# Goal Reached 100%!



## JignPig Guide (Aug 3, 2007)

Well here it is. The goal was reached. My 5th bass this season over 5-pounds caught out of public waters. (The 5th one is the one in my left hand.) Although the five bass were caught out of four different lakes, unlike my original goal of 5-bass over 5-pounds caught out of seperate waters... But what the heck. I slightly modified it.

I had a pretty good evening. These were all caught within about three hours. I didn't weigh all of them. But I'm pretty sure my five best weighed around 14 to 15-pounds. Not bad.

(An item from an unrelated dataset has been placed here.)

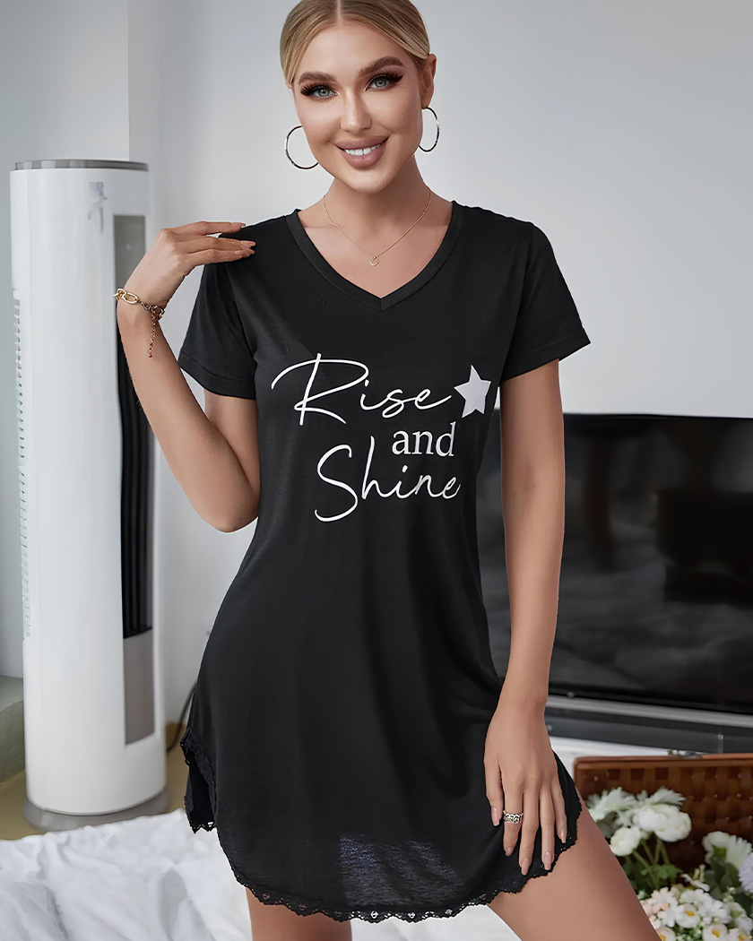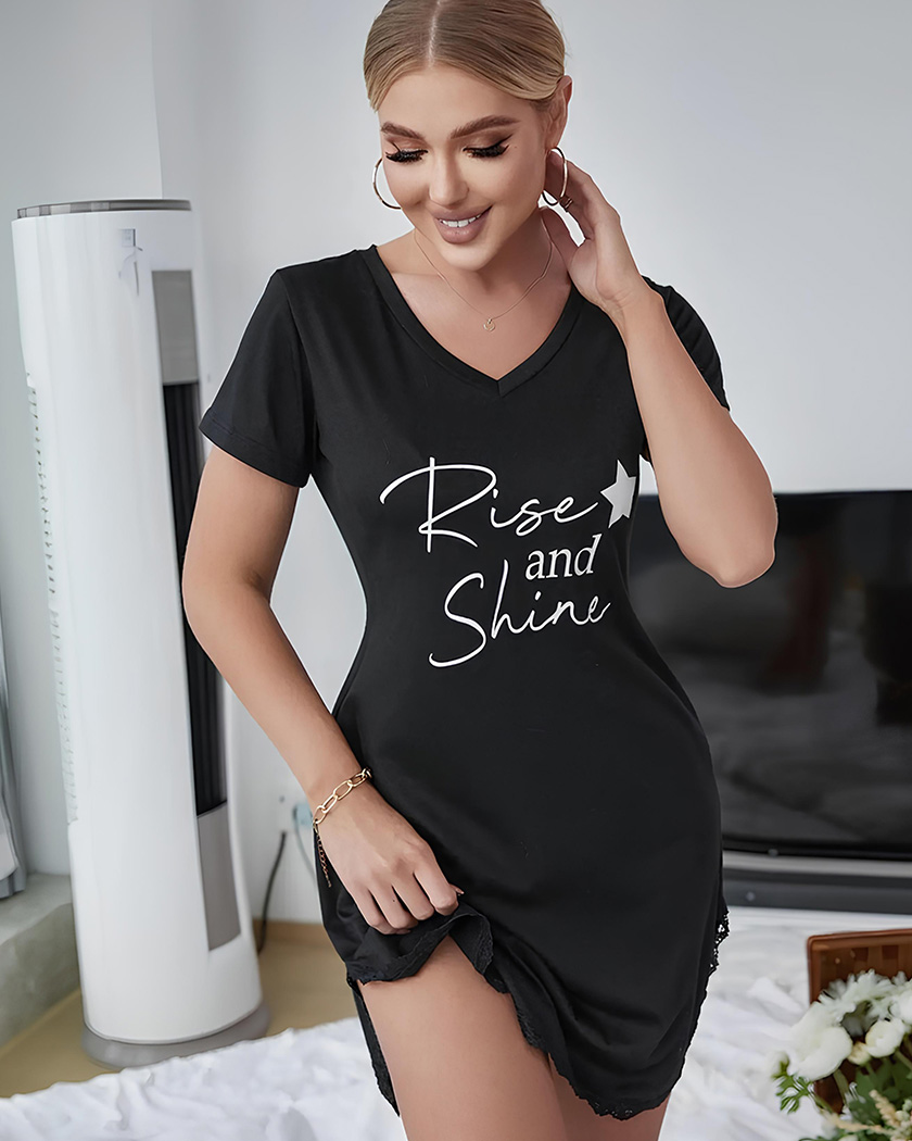 Cette nuisette manche courte noire se démarque par sa coupe séduisante et son col en V qui soulignent délicatement la silhouette et épouse subtilement vos courbes.

These were caught in a small Central Ohio public lake that I can't get my Triton into. 
- The 5-pounder hit my Jig with a Venom Dream Craw deep in the weeds.
- The other four hit: Venom Hollow Hogs, Venom Skip Shad/flukes, and a moss rat that was drug over the goo near the laydowns.


----------



## JamesT (Jul 22, 2005)

Great job, that is a stout goal to accomplish! Now is a tough time to catch a pig like that.


----------



## BASmead (Jan 11, 2008)

Well alright then. Congratulations sir...


----------



## 614-bass (Jul 22, 2008)

you are a monster jig n pig. congrats man


----------



## Big Joshy (Apr 26, 2004)

awesome! Alright heres next years goal for you. 1 bass over 7lbs or 2 over 6lbs.


----------



## SConner (Mar 3, 2007)

And with all sorts of time to spare.... Now show us what a 10 lber looks like

Congratulations, that is a lot of very nice largemouth!


----------



## Fish G3 (Jul 16, 2008)

Congratulations on the goal. You have definitely showed us what public Ohio water holds for us. Many complain about the fishing but you have definitely proven to us there is plenty of great fish to be caught. I like the idea of Big Joshy's goal for ya next year and thanks for giving some inspiration to us for going out and catchin some pig LM. Now lets see a few more!


----------



## Tokugawa (Apr 29, 2008)

You da man!


----------



## jcustunner24 (Aug 20, 2007)

Nice work. It's been fun following the journey. Keep it up.


----------



## ahmadi6490 (Jul 20, 2009)

Great work....now I want one lol


----------



## FISHIN216 (Mar 18, 2009)

Nice Job! cant wait to hook into a hog like that


----------



## rbthntr (Apr 8, 2008)

congrats ive caught 5 at or ovr 5lbs but it took me 6 years and all came out of the same private pond the one up side the bigest was 9lbs 
congrats again


----------



## ohbassman (Mar 19, 2009)

great job man!....now you can relax and catch a couple 7's...lol.


----------